Mario Soares

Personal information
- Date of birth: 16 August 1967 (age 58)
- Place of birth: Goa, India
- Position: Midfielder

Team information
- Current team: Churchill Brothers

Youth career
- Salcette

Senior career*
- Years: Team / Apps / (Gls)
- Salgaocar
- Dempo
- Churchill Brothers

International career
- 1991: India U23 / 3 / (1)
- India

Managerial career
- 2016: Salgaocar (caretaker)
- 2019–: Churchill Brothers (assistant coach)
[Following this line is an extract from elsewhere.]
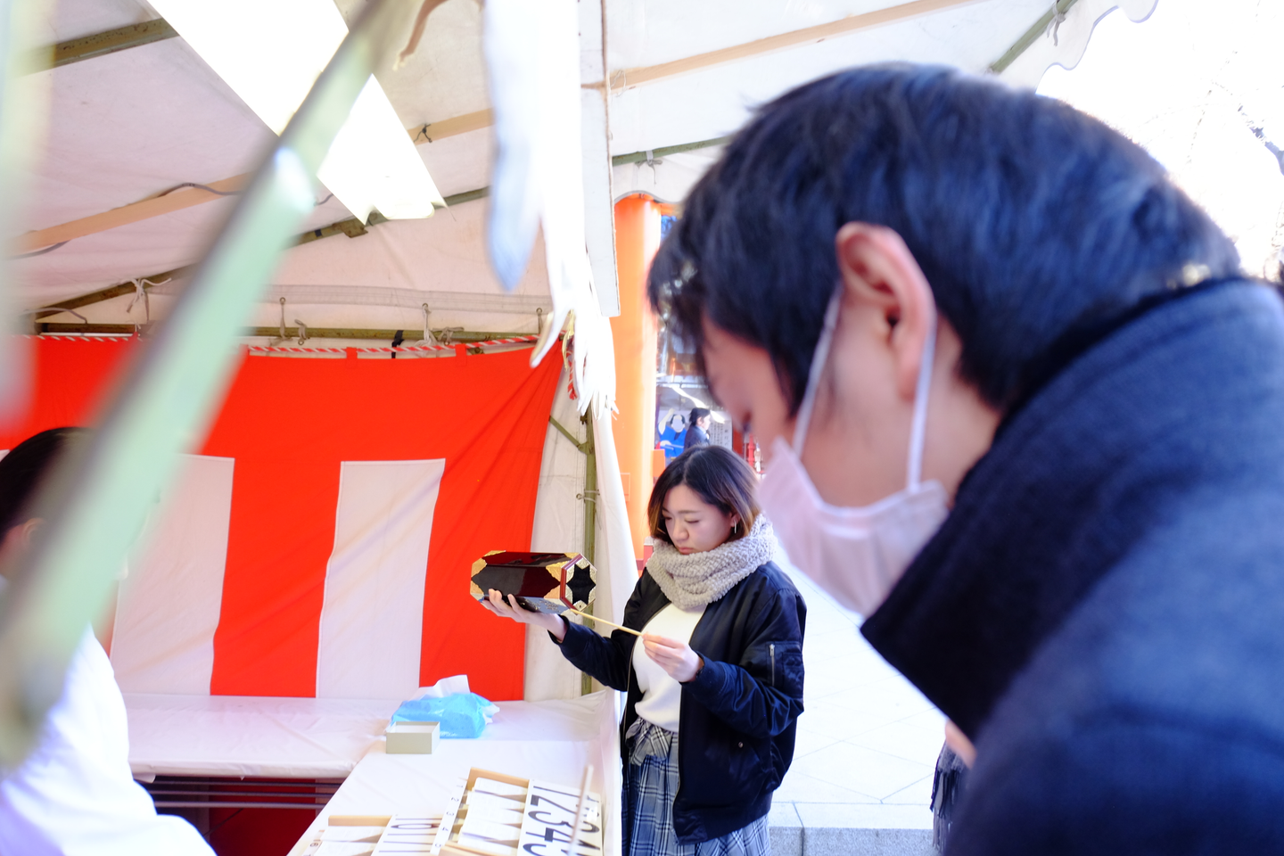 おみくじを降って、引きます。(手前は副校舎長の太田です)

= Mario Soares (footballer) =

Indian footballer and coach

Mario Soares (born 16 August 1967) is an Indian football manager and a former player who is an assistant coach of Indian I-League side Churchill Brothers. During his playing days, Soares played for Salgaocar, Dempo, Churchill Brothers, and represented India internationally.

==Playing career==
Born in Goa, Soares started his football career as a youth player with Salcette. He started his senior career with Salgaocar, where he won the Federation Cup with the club in 1988. He scored the winning goal in extra-time against Border Security Force as Salgaocar won 1–0. He then went on to play for Dempo and Churchill Brothers later in his career. Soares also represented Goa in the Santosh Trophy and captained the state.

==International==
Soares represented India at the under-23 level during the 1992 Summer Olympics qualifiers. He scored the only goal for India in their draw to Oman U23. He also represented India internationally at senior level.

==Coaching career==

===Salgaocar===
After the departure of Santosh Kashyap from Salgaocar, Soares was put in caretaker charge of the I-League club.